The familiarity of these complaints is a reminder that with scale comes a legacy, an installed base and expectations. If someone had deployed Microsoft Loop outside of Microsoft as a standalone app, it wouldn’t be judged to this standard. Limited launch capabilities would be the expectation. Users would be asking for integration with Outlook, Teams and so on. The independent Loop would respond with a wave of the hand and suggest a future product roadmap.

Judge Microsoft Loop by the Work. Trust the humans to decide.

As noted above, the potential of new model of collaboration has been a long-hyped thing. Atomic collaboration is just the latest variation from all in one apps, to real-time synchronisation, to document collaboration, to collaboration on the graph, in the workspace, in the channel or on a single pane of glass. Whether atomic collaboration blows everything else away will be determined in user’s hands. For that to happen, it will come down to the value that it delivers to do work better, faster, safer and easier.

Most new collaboration apps fail because they get the model of work wrong.

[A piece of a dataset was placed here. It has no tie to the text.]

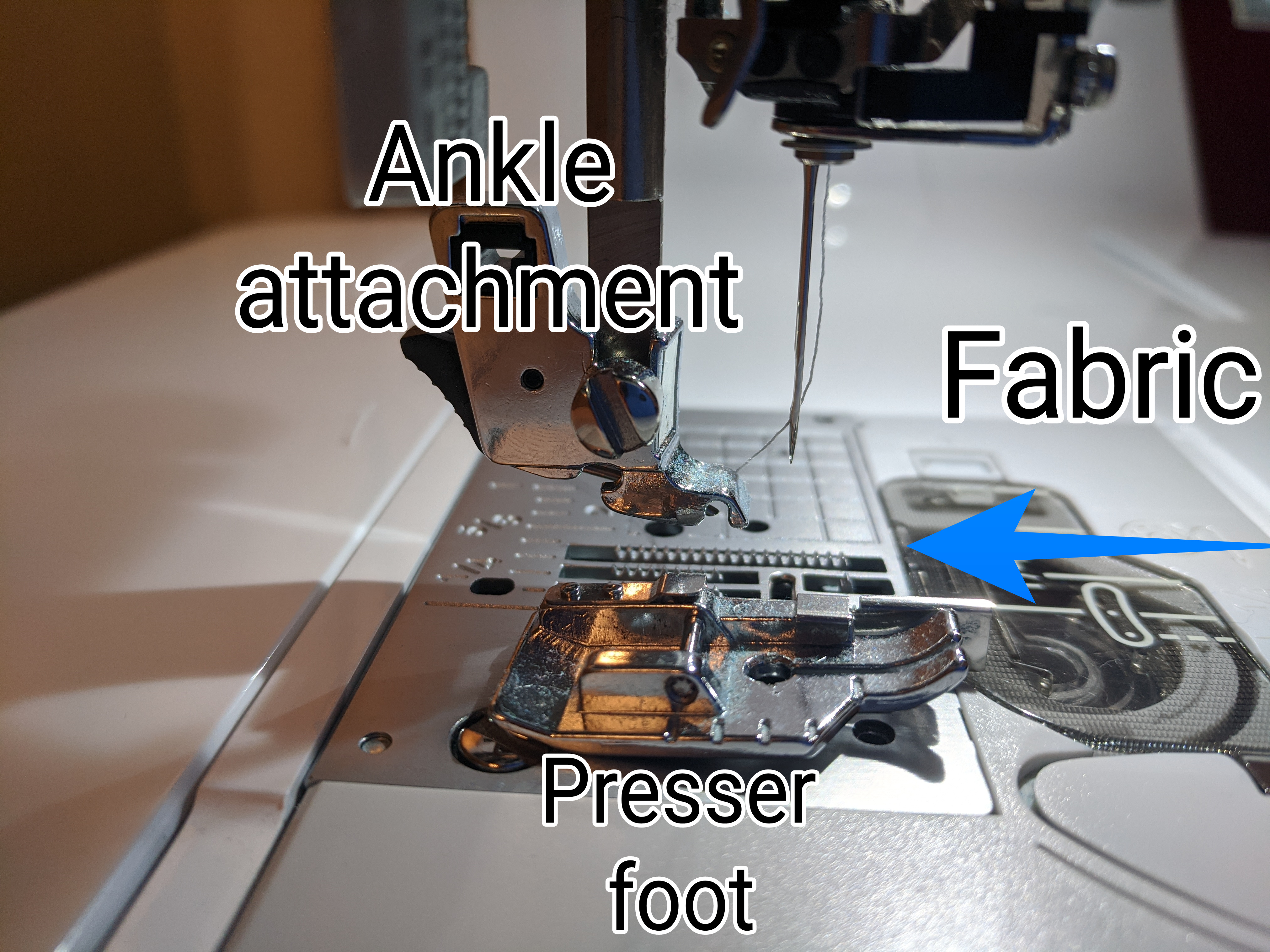 Here are some of those presser feet. They sit on the “ankle” of the machine and help the sewist guide fabric appropriately. The ¼” foot has a guide for where to put the edge of the fabric so the needle is ¼” away, which is the seam allowance most quilters use. The open toe foot allows you to see the needle as it goes down, and can be used for fancy stitches. The walking foot has its own ankle attachment and uses plastic pieces to guide the top of the fabric through the machine at the same rate as feed dogs on the bottom (more on that next). The free motion foot allows the fabric to move around easily, and the feed dogs are disengaged.

The engineers of these apps often work out from “What can we build, what might people do and where can we deploy it?” Sadly, that produces outcomes that are a world away from “What are users trying to achieve and what do you actually need to work together better in a real human way?” Finding new ways to enable collaboration in the flow of work demands a deep understanding of work and what employees and the collaborators are seeking to achieve.

Often these apps fail because they ask for changes in use case or work metaphor that are too unfamiliar to users and the bridge to the future is too great for adoption. We mostly understand document storage, document collaboration, meetings, calls and team chat as forum for collaboration, but we are always learning new and better ways to do each. These are not the only formats of collaboration, they are just the most obvious ones. Tools like Miro challenge us to consider collaboration at the whiteboard, with sticky notes and in a workshop. Each new tool opens up a wider array of opportunities for us.

New models require users to learn new patterns of work and to see the value to them and the organisation. The latter is why so many still query the value of enterprise collaboration in Yammer – talking to an unknown anyone hidden in everyone in the organisation to support work through connecting, sharing, solving or innovating is still not in everyone’s paradigm of work.

Creating the future patterns for connecting, sharing, solving and innovating together using Microsoft Loop will be the outcome of the interplay between the champions and change agents in organisations looking for better ways of working and the Microsoft product team who keeps up the innovations to support the growth of the product. At the same time, the flexibility will inspire others in the market. The challenge always is avoiding choice paralysis from too many options and too much complexity but this early in the product lifecycle, let the humans decide what works best. I can’t wait to give it a try and see what new capabilities it brings to my work.